Introducing Tadpole: an assembler, error-corrector, and read-extender

gringer replied

10-20-2015, 03:16 PM
I've recently discovered that these are transcript sequences, not genomic sequences (despite the initial assurance against that). So the 140,000x coverage and 500x coverage could possibly be for adjacent sequences, and it is [possibly] reasonable to expect target genes with coverage below 500.

Last edited by gringer; 10-20-2015, 03:19 PM.
Leave a comment:
Brian Bushnell replied

10-17-2015, 11:45 AM
With extremely high coverage, it is often beneficial to normalize first, for any assembler. For example -

bbnorm.sh in=reads.fq out=normalized.fq min=2 target=100

You don't need that for 500-fold coverage, but it's worth trying for 140,000x coverage.
Leave a comment:
gringer replied

10-17-2015, 03:48 AM
Originally posted by Brian Bushnell View Post

If you have super-high coverage like that, at a minimum, increasing K above the default (31) is usually helpful.

Increasing k didn't help.
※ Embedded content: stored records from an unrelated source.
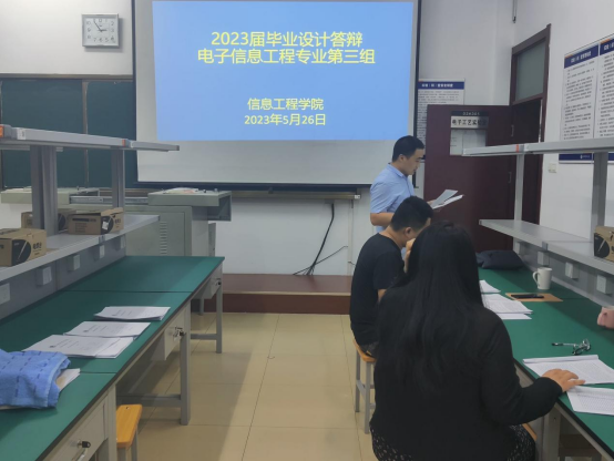 2023年5月26日-28日电子信息工程专业2023届本科毕业生论文答辩在3#教学楼圆满顺利完成。本次论文答辩由肖媛媛院长等多名教授教师组成评审委员会,还特别邀请燕山大学胡正平教授采用线上指导的方式参与指导工作。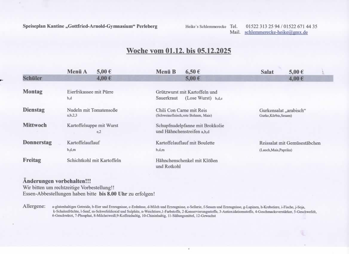 Man kann bei uns das Mittagessen in der Kantine von 11.50 Uhr bis 12.50 Uhr einnehmen.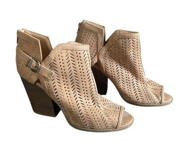 These shoes are Altar’d State heeled booties in a light tan/nude faux suede material in great pre-ow... Show more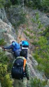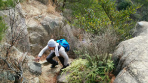 烏帽子岩山は直登ルートもありますが、少し危険なので我々は迂回ルートで山頂を目指します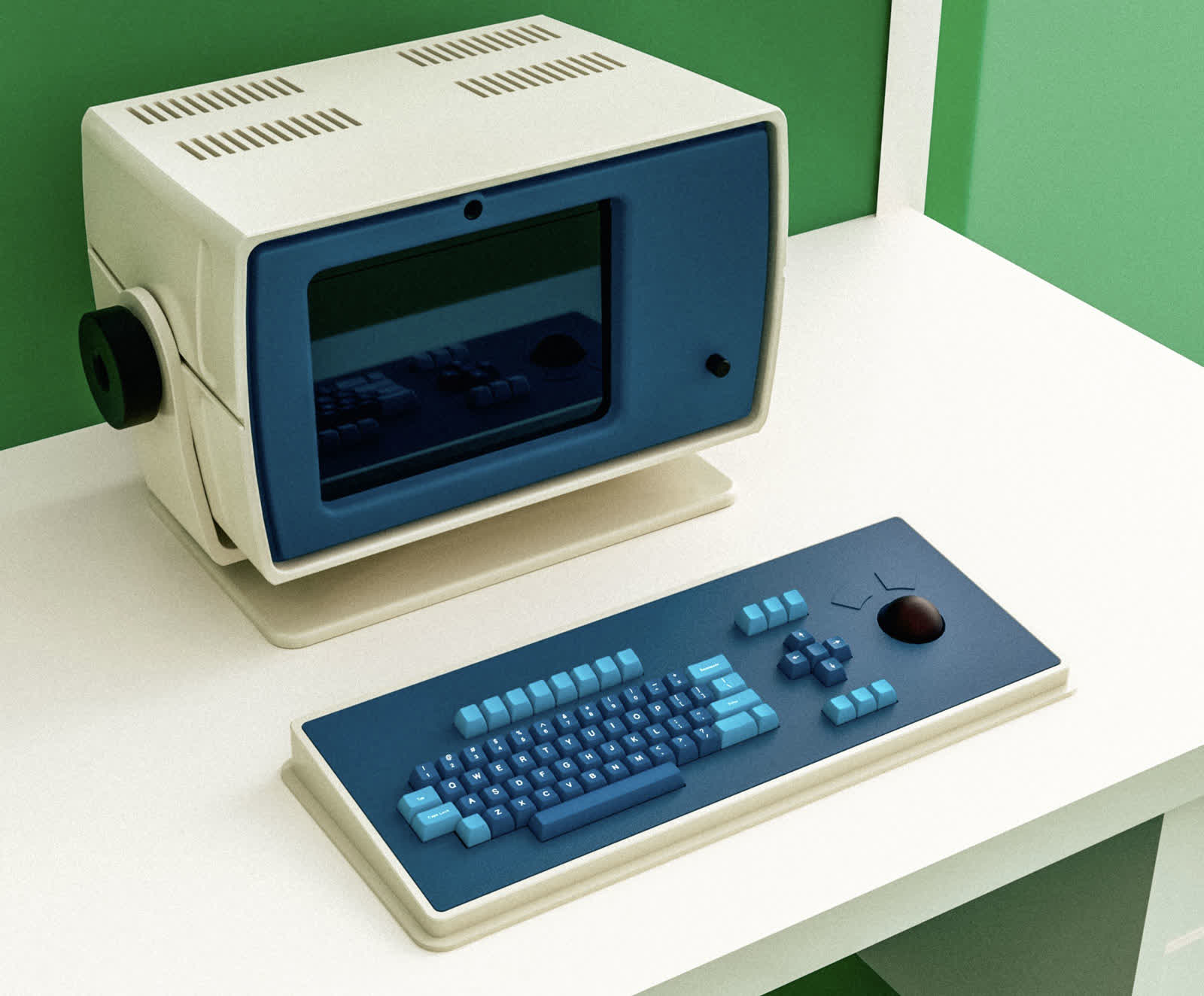 Tastatura are un profil ridicat, margini groase și o paletă de albastru mut, cu un cadru alb murdar, oferindu -i o atmosferă industrială. Chestele albastre mai deschise domină centrul, în timp ce nuanțele mai întunecate completează restul. Acea „odihnă” este substanțială, datorită punții supradimensionate, care lasă un spațiu suficient pentru tastele săgeată, aranjat într -o formațiune încrucișată și separat de clusterul primar. În extrema dreaptă se află un trackball – la fel ca în spectacol – înlocuind un mouse tradițional și adăugându -se la farmecul său vintage.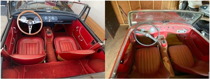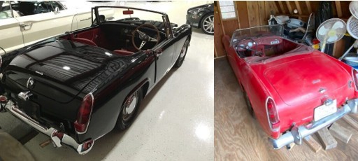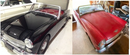The red car is said to have possibly been repainted; photos in the listing show the panels don’t match perfectly. The black car’s paint is nice, but a dent mars one fender. Very nice Sprites sell for around $20k, leaving at least a little headroom for improvements. Which Sprite would you pick as a winter project?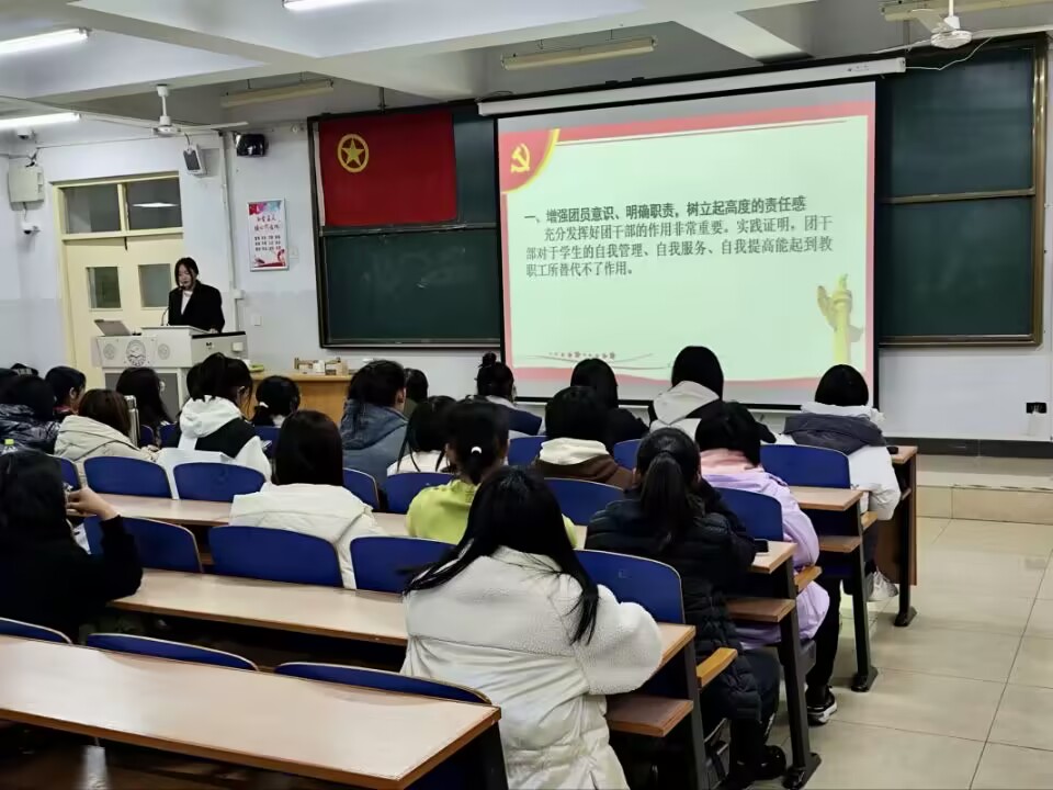 本期培训由优秀团员代表雷茹易担任主讲人,本次培训首先提出团干部的含义,经此同学们初步了解到团干部的意义,接着主讲人围绕团干部的特点进行阐述团干部是团组织的骨干及核心,并从四方面讲述团干部的作用,树立团干部的的思想意识,锻炼提高工作能力并养成良好作风,最后从四点表述了对各位团干部的美好期望,带领大家真正把担当理念落实到行动上,落实到实践中,深化团干部对团组织思想意识的体悟。
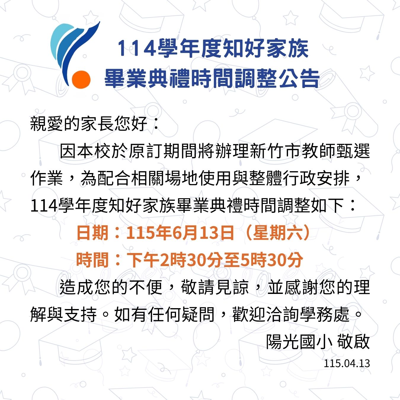【114學年度知好家族畢業典禮時間調整公告】

If anything, it made the assembly worse. I've been able to generate 110 contigs with a coverage >500 and average length around 1000bp. I've attached a visual representation of the resulting FASTA file where sequences between homopolymers are coloured based on their GC%,AC%,TC%. Unfortunately, I can't see any common subsequences that would work for further merging.

Code to generate this type of image can be found here:

bioinfscripts/fasta2svg.pl at master · gringer/bioinfscripts

https://github.com/gringer/bioinfscripts/blob/master/fasta2svg.pl

Bioinformatics scripts produced over the course of my work. Now maintained on GitLab. - gringer/bioinfscripts

Attached Files

long_ecc_extended_assembled.png (122.4 KB, 25 views)
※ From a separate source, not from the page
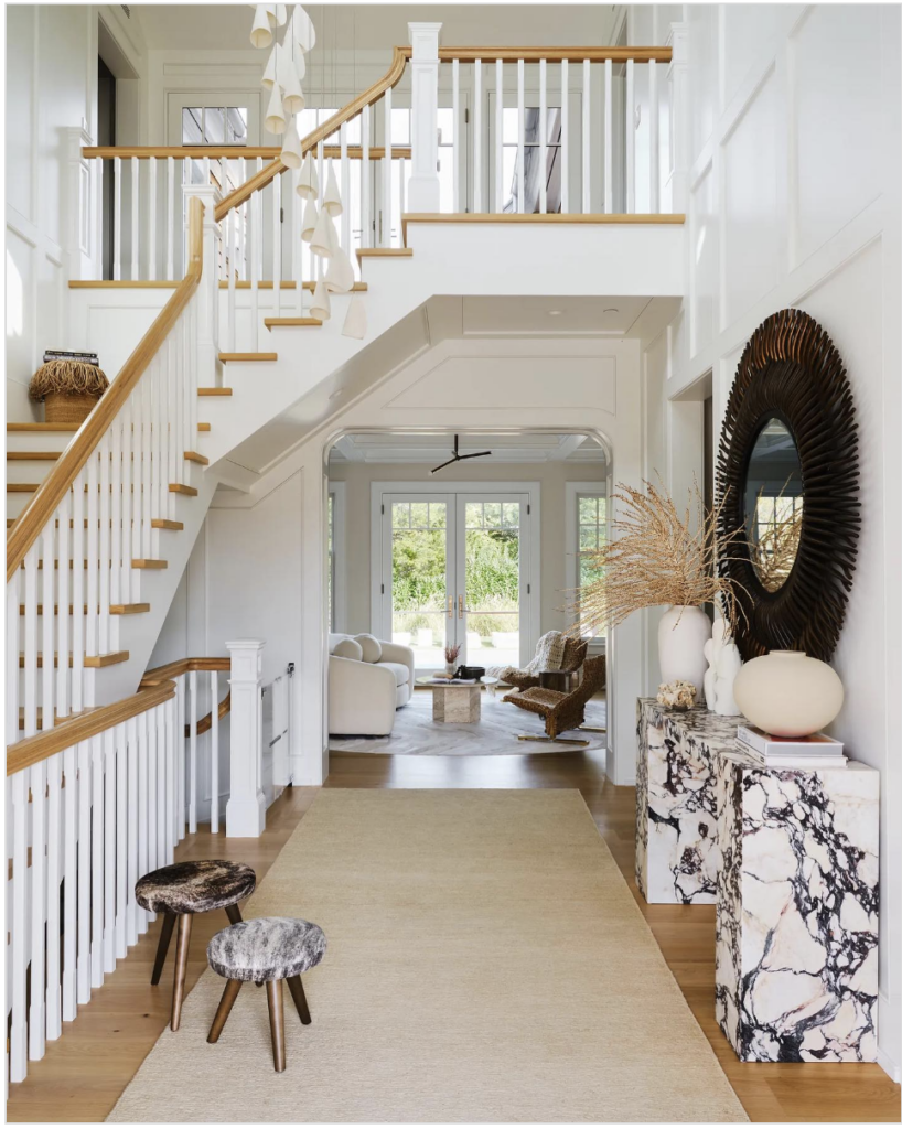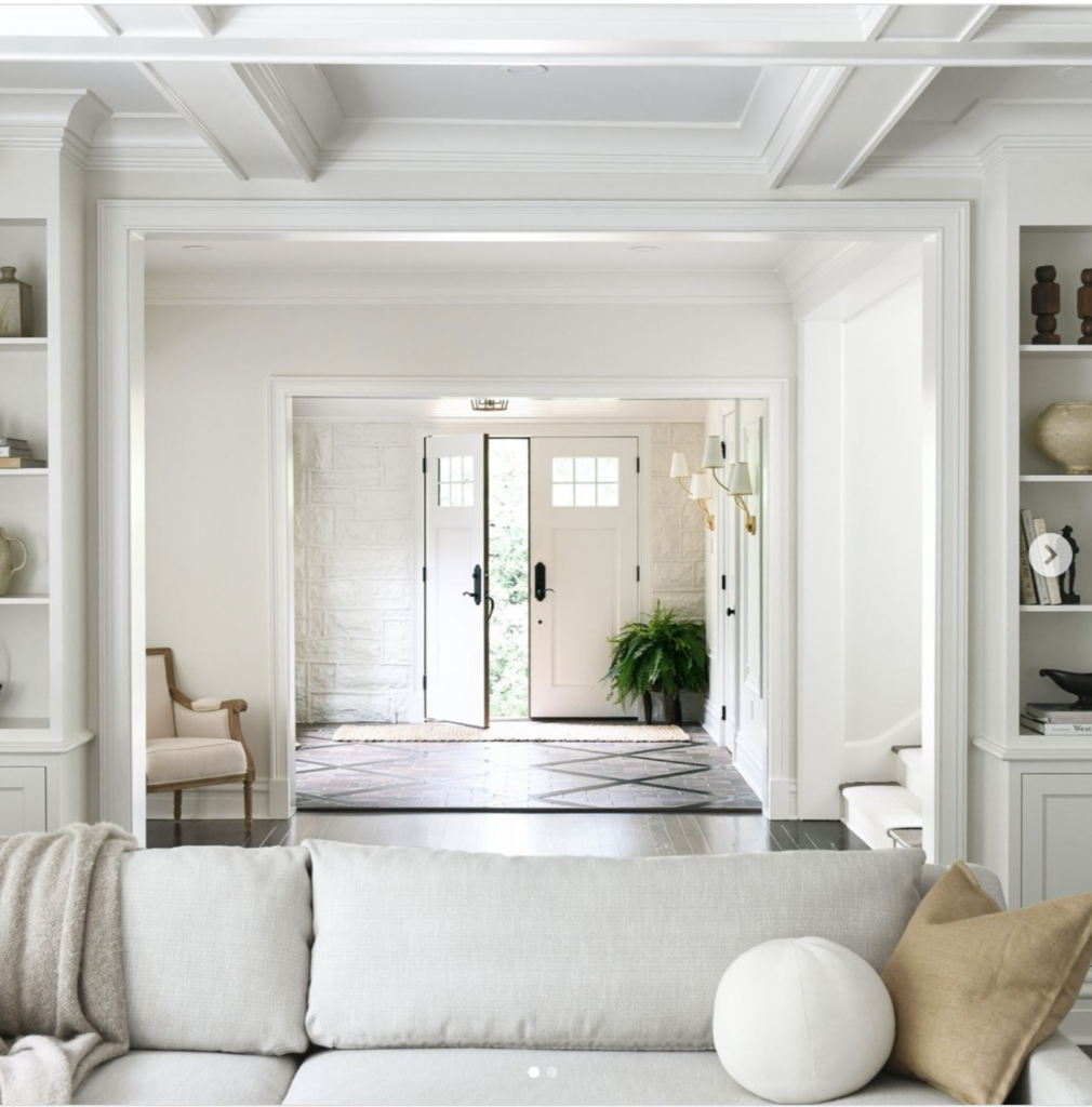 White is a timeless and versatile choice for living room entryways. Its brightness can instantly elevate the space, creating a serene and sophisticated atmosphere. By choosing white for your entryway, you set a tone of elegance and simplicity that welcomes guests with a clean, uncluttered aesthetic. This neutral palette also serves as a blank canvas, allowing you to easily update or change the decor and accessories to reflect different styles and seasons.

long_ecc_extended_assembled.svg.gz (71.5 KB, 0 views)
Leave a comment:
SNPsaurus replied

10-16-2015, 09:01 AM
Thanks Brian for the notes. I'm actually using it for assembling data that resembles ChIP-Seq data, with high coverage of random shotgun fragments at discrete loci. The mtDNA is just along for the ride!

I do have paired-end data, and your comments about merging makes me wonder if I should add a step to the process.
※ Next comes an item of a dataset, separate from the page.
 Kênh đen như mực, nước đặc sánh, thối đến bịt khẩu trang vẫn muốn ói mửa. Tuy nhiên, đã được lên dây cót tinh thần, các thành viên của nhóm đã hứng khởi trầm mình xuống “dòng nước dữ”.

Right now I take my fastq reads and extend with ecc=true, so extend with error correction. I then assemble at a higher kmer (71).

But would it be better to extend with error correction and then merge the paired reads, and then assemble? The fragments sequenced are longer than the read lengths, so I couldn't merge on the raw sequence files. But after extension they might reach each other. I was thinking of using a tool like http://www.ncbi.nlm.nih.gov/pubmed/26399504 but perhaps read extension and merging would achieve the same results.

edit: now I see merge included the tadpole extend as an option!

Last edited by SNPsaurus; 10-16-2015, 10:18 AM.
Leave a comment:
Brian Bushnell replied

10-16-2015, 03:19 AM
Originally posted by gringer View Post

Thanks SNPsaurus. I looked at the examples that were provided in the first post and assumed that they were the most appropriate way to run the program. It seems a little odd that an assembler would stop assembling when you give it more parameters. Your comment has cleared this up a bit for me, and now I see that running without any arguments at all gives reasonable results.

I've now got a 3.6kb sequence that has crazy-high coverage (140564.6) which I assume is probably the viral sequence of interest. Here's the command I ran:

Code:

tadpole.sh in=trimmed_NZGL01795_both_1P.fq.gz in2=trimmed_NZGL01795_both_2P.fq.gz out=extended_assembled.fq

Presumably there are a few little tweaks I can add to that to get it working even better.

If you have super-high coverage like that, at a minimum, increasing K above the default (31) is usually helpful.
Leave a comment:
gringer replied

10-16-2015, 01:23 AM
Originally posted by SNPsaurus View Post

I'm getting a little confused by this conversation. tadpole does act as an assembler when it isn't in read extend mode, right? I throw reads at it and it generates long contigs (like entire mitochondria). Is gringer's results as they are because in and in2 were used, priming tadpole to be in a different mode like extend only?

I was earlier confused about extend mode thinking that it applied to contigs, but extending my reads and then assembling with longer kmers gave a much better assembly with longer contigs.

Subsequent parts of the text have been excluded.